• [Exercise aim]
What lines below include the string "КПрФ"? Pick them out and copy them.

• [Raw data]

##############################

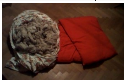
vypraná vlna a matrace z vlny
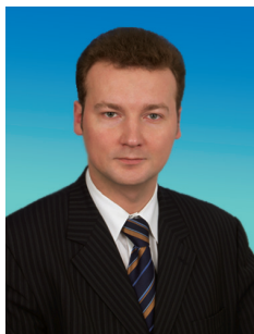
А.А. АНДРЕЕВ, член Комитета Государственной Думы по информационной политике, информационным технологиям и связи, кандидат в члены ЦК КПрФ

Вместе с коллегой по думской фракции А.В. Корниенко мне было доверено возглавить список КПрФ на выборах в Магаданскую областную Думу, что во многом определило характер моей работы в 2010 году. В основе нашей предвыборной платформы «Богатства Колымы — на службу народу» лежали Антикризисная программа КПрФ и учет местной специфики. Большинство жителей области не обеспечено достойными зарплатами и пенсиями и вынуждено

##############################

• [Answer box]
А.А. АНДРЕЕВ, член Комитета Государственной Думы по информационной политике, информационным технологиям и связи, кандидат в члены ЦК КПрФ
Вместе с коллегой по думской фракции А.В. Корниенко мне было доверено возглавить список КПрФ на выборах в Магаданскую областную Думу, что во многом определило характер моей работы в 2010 году. В основе нашей предвыборной платформы «Богатства Колымы — на службу народу» лежали Антикризисная программа КПрФ и учет местной специфики. Большинство жителей области не обеспечено достойными зарплатами и пенсиями и вынуждено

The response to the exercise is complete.